One of you said you go from being excited to petrified of all the things that can go wrong and I spent my whole pregnancy doing that and in the end the baby was born all perfect and reasonably well (after few days in NICU) so I sort of wished I hadn't spent the whole nine months so tense! Can't be helped though but as everyone says, all the hard work and worry is totally worth it. I would even consider doing it again one day ha ha!

Good luck pregnant ladies

Ruth x


----------



## hyper-Suze (Aug 14, 2012)

Howdy, it feels it has been AGES since i've been on here(i've not even been logging on to be nosey!)

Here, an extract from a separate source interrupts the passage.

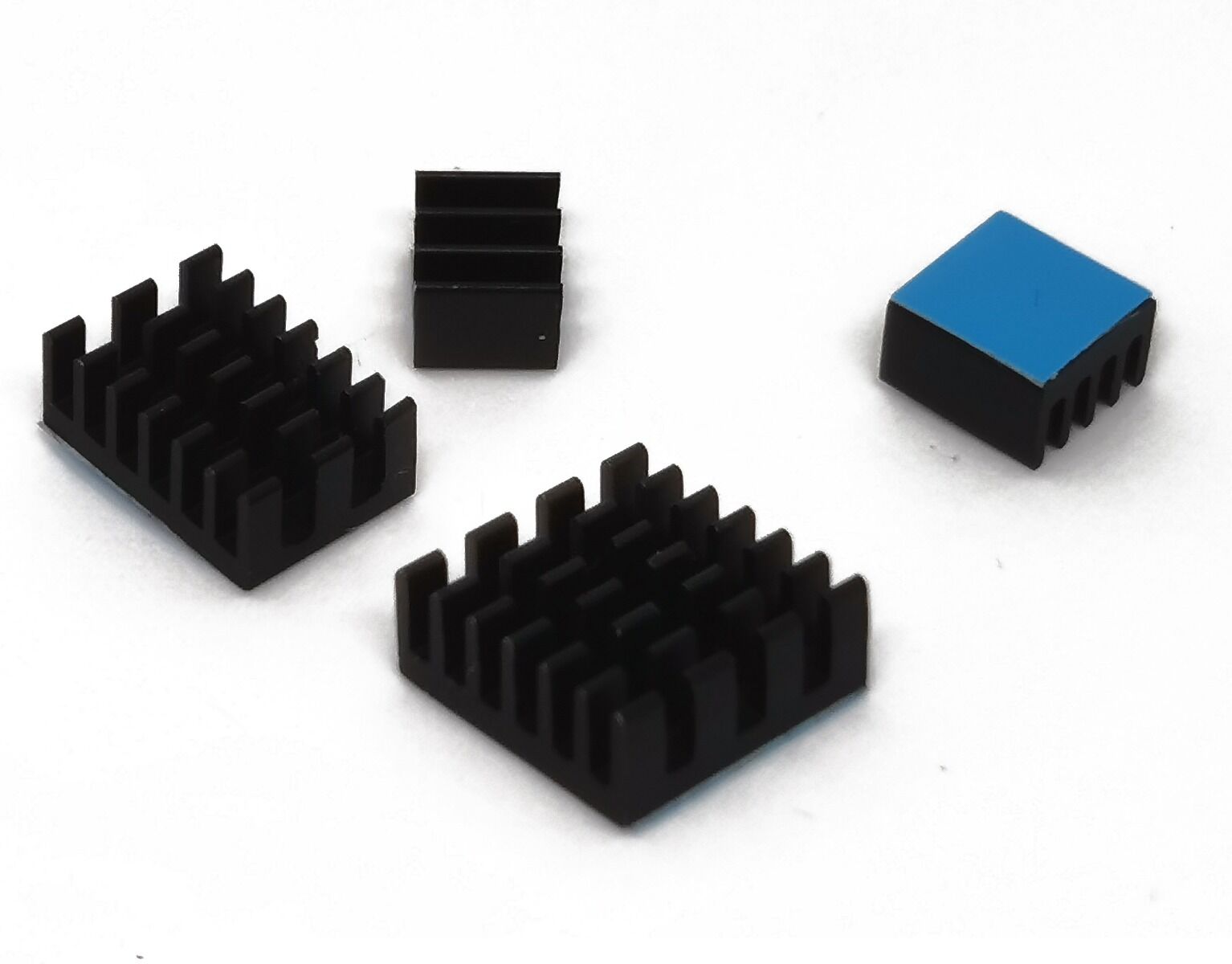 This is a four-piece aluminum heat sink kit to cool the chip on the Raspberry Pi 4B.

Well I'm now 16wk+4 and atarting to show, but only because I've lost so much weight with my HG and the constant nausea/loss of appetite. (put it this way, my maternity jeans are falling off me, not filling out! and there I was all concerned in a previous post about what size jeans to get!)

Tried to come off my anti sickness meds last week, was weaning off them slowly by reducing to 1 a day, 1 every 2 days etc. Got to every fourth day and the HG returned!! Was not going to return to that place so now back on the meds, I hope I'm not on them throughout. I just wanted to reduce the amount of drugs I was taking, I hope I'm not doing any damage to little one.

I felt Bumpy move at the weekend, I thought I was just imagining the sensation because that was what I wanted to feel but talking to others at work, the way they describe it is the same. I was lying in bed resting and it felt like a ripple of bubbles collecting at the surface of my tummy, on the one side. Well I hope it was Bumpy.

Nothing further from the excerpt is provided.